Neural recordings have been performed from animals engaged in brief access tests, conducted as described in the available literature (Glendinning, Gresack et al. 2002). Briefly, the animal has access to only one sipper, to which it is given intermittent access in sequential trials. Animals start each trial voluntarily, the structure of which is as follows. Following the animal’s first lick to a solution, the sipper delivers one tastant aliquot for each detected lick response for a brief period (5 s), after which access to the sipper is blocked for 7 s. After this intertrial period, animals are allowed to initiate a new trial. A computer-controlled multiple-valve system (ALA Scientific, Westbury, New York) will allow for water and several different solutions to be presented randomly within blocks of as many different stimuli being tested, one tastant per trial. The cumulative number of licks for all trials of each tastant is recorded and used to calculate the respective lick ratio, i.e., the amount of that tastant consumed with respect to water: LickRatio = n(tastant)/n(water), where n(.) denotes the total number of licks for a given stimulus during a session. These values are compared against 1.0, which is the reference value meaning indifference with respect to water.

We also use conventional two-bottle preference tests, usually to compare consumption of a given tastant against water using the preference ratio: PreferenceRatio = n(tastant)/(n(tastant) + n(water)). This value is compared against 0.5, which is the reference value meaning indifference with respect to water. When measuring preference in two-bottle tests, side bias must be taken into account. Another test, where the animal has access to a single tastant through a single sipper (one-bottle forced-choice test) measures acceptance, i.e., total consumption in number of licks, and allows for comparisons between different tastants presented across several sessions (Costa, Gutierrez et al. 2006) or the same tastant presented in different conditions across multiple sessions. Two-bottle preference and one-bottle forced-choice tests have the advantage of allowing the manifestation of associations between taste and postingestive effects, giving the experimenter an opportunity to investigate them. The possibility of such associations occurring is reduced in brief access paradigms given that limited amounts of each tastant are delivered through the same sipper in multiple and sequential trials of all tastants. However, these tests reduce the number of tastants that may be presented in the same session and, in the case of the two-bottle test, increase the potential for ambiguous somatosensory effects.

Neural Ensemble Recordings in Taste-Reward Pathways

When a rodent licks for a natural reward, such as water or a palatable and nutritive solution, the licking activity is not continuous, resulting in a temporal distribution of licks into clusters (at least three rhythmic licks with interlick interval <500 ms) separated by pauses in licking 500 ms or longer (Davis and Smith 1992). Unlike licking, which in itself is highly stereotyped and stable, licking clusters reflect the animal’s motivational status such that their number and duration have been shown to vary in accordance with factors such as tastant palatability and satiety onset.
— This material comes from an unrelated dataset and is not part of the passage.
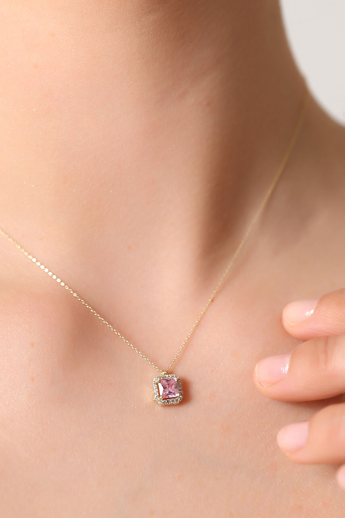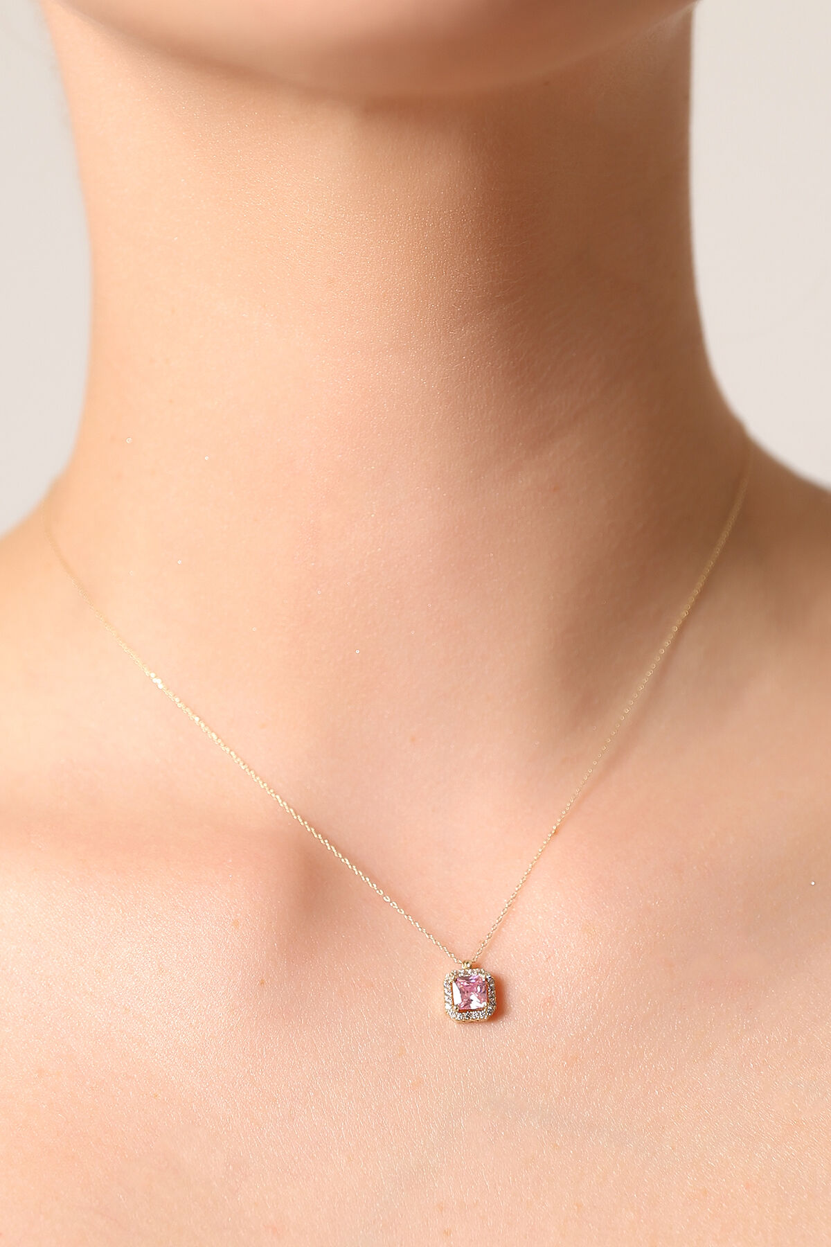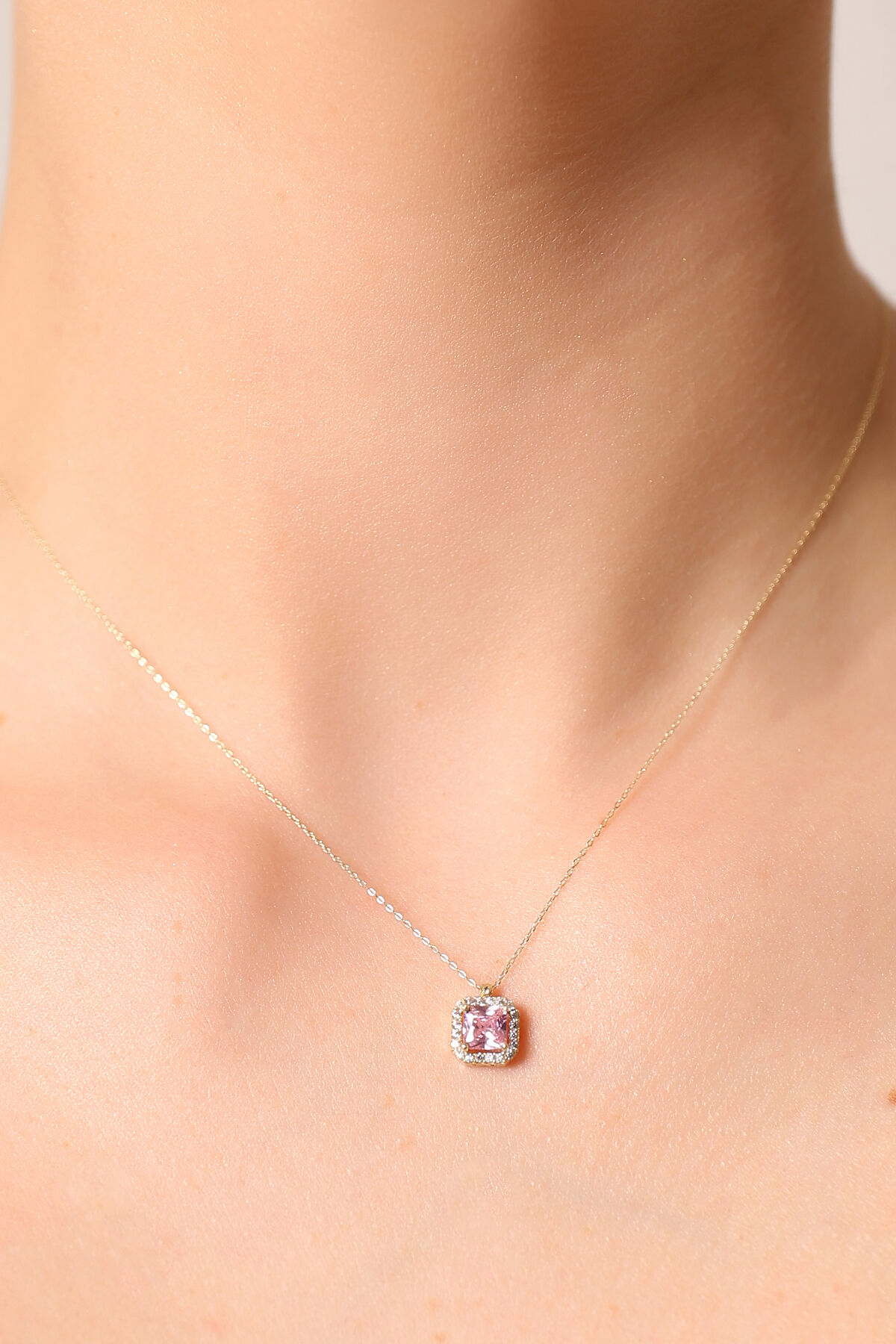 Zarif pembe tonları ve modern baget kesimiyle bu kolye, hem romantik hem de şık bir aksesuar arayanlar için ideal bir seçimdir.

In rats freely licking for sucrose and water, we have shown that inactivation of the OFC, a cortical area known to be involved in chemosensory and reward processing, modifies both cluster number and duration (Gutierrez, Carmena et al. 2006). Furthermore, we found that OFC neuronal ensembles can discriminate cluster onset from termination, predict cluster initiation, and distinguish and anticipate between natural rewards (Figure 10.8).

FIGURE 10.8. (See color insert following page 140.

FIGURE 10.8

(See color insert following page 140.) Ensemble activity of OFC neurons discriminates and anticipates natural rewards in the rat. A and B. Color-coded peristimulus time histograms of activity from eight simultaneously recorded orbitofrontal cortex (OFC) (more...)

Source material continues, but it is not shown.